AMG’s Supreme Court Case
When the Supreme Court agreed to hear AMG’s appeal, there were expectations that the court might limit the FTC’s use of its injunction authority to get disgorgement relief. The recent appointments of several conservative justices suggested a pro-business mindset, as well as a more textualist mindset. Textualism is the belief that a statute, regulation, or constitutional provision should be read based strictly on the text of the document and not with any interpretation of what it might or could mean.
The Supreme Court’s decision in the AMG case was focused on the text of the Federal Trade Commission Act, asserting that the language of the injunction provision limited it to injunctions only. Among other things, the use of the phrase “violating, or is about to violate” was considered to be “prospective” relief, or action to stop an existing or pending violation. Disgorgement was a “retrospective” remedy for a past violation. In sum, the court said that expanding the limited authority given to the FTC to obtain an injunction to incorporate a wide range of other equitable remedies “would allow a small statutory tail to wag a very large dog.”
Interestingly, and surprising to some, the ruling was a 9-0 unanimous decision, meaning that even the court’s more liberal, non-textualist justices believed that the FTC exceeded its authority under the 1914 act. The FTC continues to have the authority to pursue fraud and unfair practices through its administrative cease-and-desist process, followed by either the civil penalties of $10,000 per post-order violation or money damages or both. However, the more cumbersome procedures and the more limited standard of a “reasonable man” are seen as hindering the FTC’s ability to pursue fraud and obtain compensation for defrauded consumers.
Congress Steps In
Seeming to anticipate the court’s decision, the FTC has been working with Congress to redraft its authority so that the statute will clearly (and textually) allow the FTC to obtain both injunctions and disgorgement in a single action.

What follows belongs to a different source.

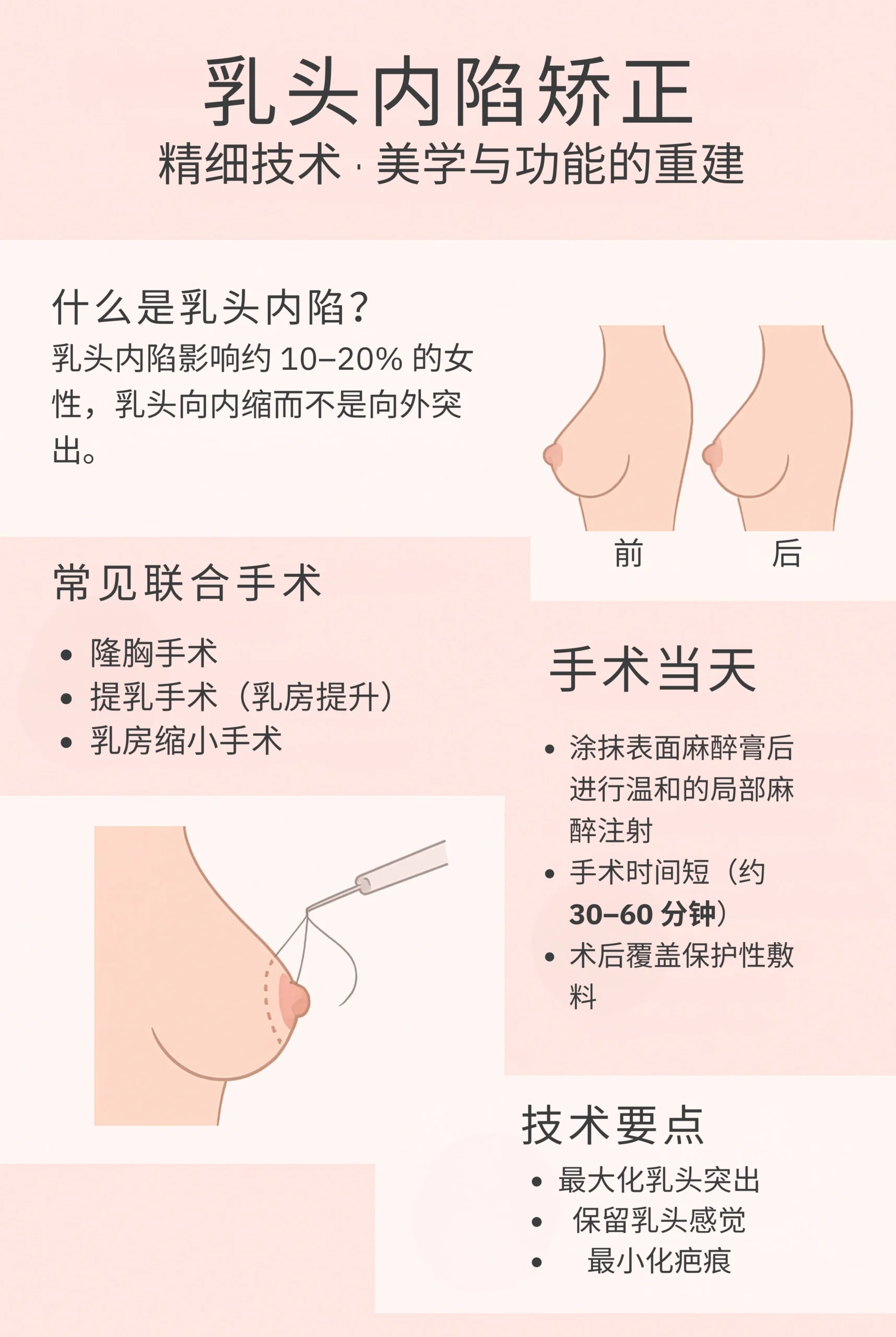 乳头内陷矫正术是一种小型外科手术,旨在解除牵拉束缚,恢复乳头自然外凸的形态。该手术可作为独立治疗实施,也可与隆胸术或乳房提升术等其他乳房整形手术联合进行。

In a previously scheduled April 20 hearing before the Senate Committee on Commerce, Science, and Transportation, which was intended to deal with the FTC’s response to COVID-19-related scams, the FTC’s acting chair, Rebecca Kelly Slaughter, and several other FTC commissioners testified about the problem. Their combined testimony argued that the (then) uncertainty in the FTC’s authority was taxing its resources, as “[d]efendants now routinely attempt to delay ongoing litigation” and use other means to prevent the FTC from taking enforcement action.

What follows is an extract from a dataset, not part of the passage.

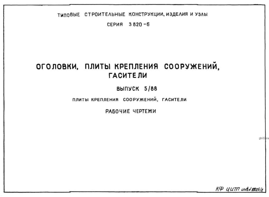 | Название стандарта | Оголовки, плиты крепления сооружений, гасители. |

There is a precedent for congressional action to provide an administrative agency with authority to pursue both injunctions and disgorgement. Earlier in 2021, Congress clarified language in the Securities Exchange Act to grant the Securities and Exchange Commission with explicit authority to obtain monetary remedies for securities law violations. On the heels of the Senate hearing, Rep. Tony Cardenas (D-Calif.) introduced HR 2668 in the House of Representatives to “affirmatively confirm the authority of the Federal Trade Commission to seek permanent injunctions and other equitable relief. …”

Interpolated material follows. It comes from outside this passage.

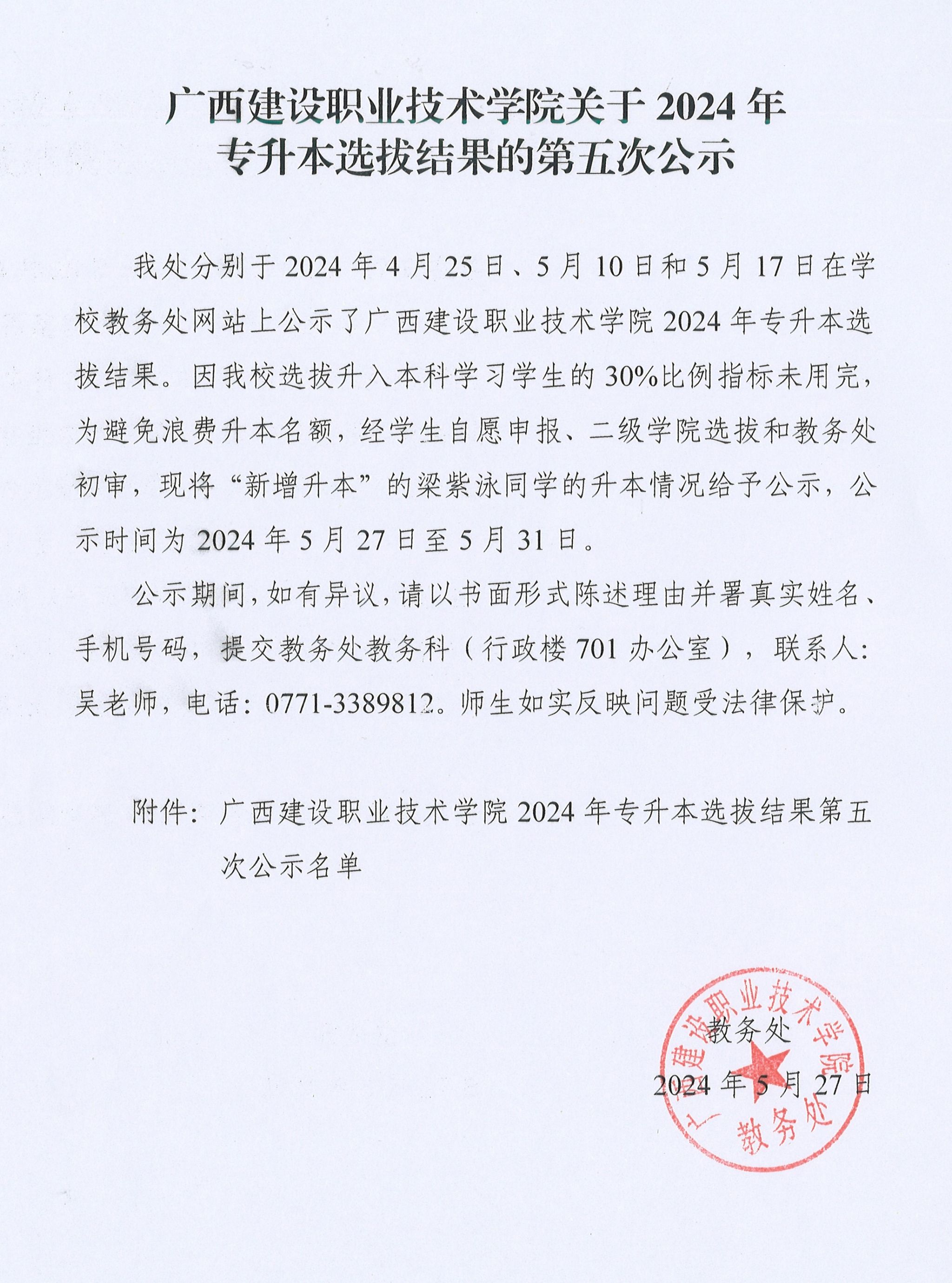 廣西建設職業技術學院2024年專升本選拔結果第五次公示名單

Any legislative solution will likely generate some level of controversy and raise questions. Would it apply retroactively, or would the FTC need to start over in pursuing violations? Will legislators seek to restrain or put limits on what type or amount of monetary relief the FTC can pursue? In the meantime, the FTC does have some options, including pursuing cease-and-desist orders and injunctions to stop fraud and other unfair practices. However, unless and until Congress acts, the FTC’s ability to gain restitution on behalf of consumers seems to be severely hampered.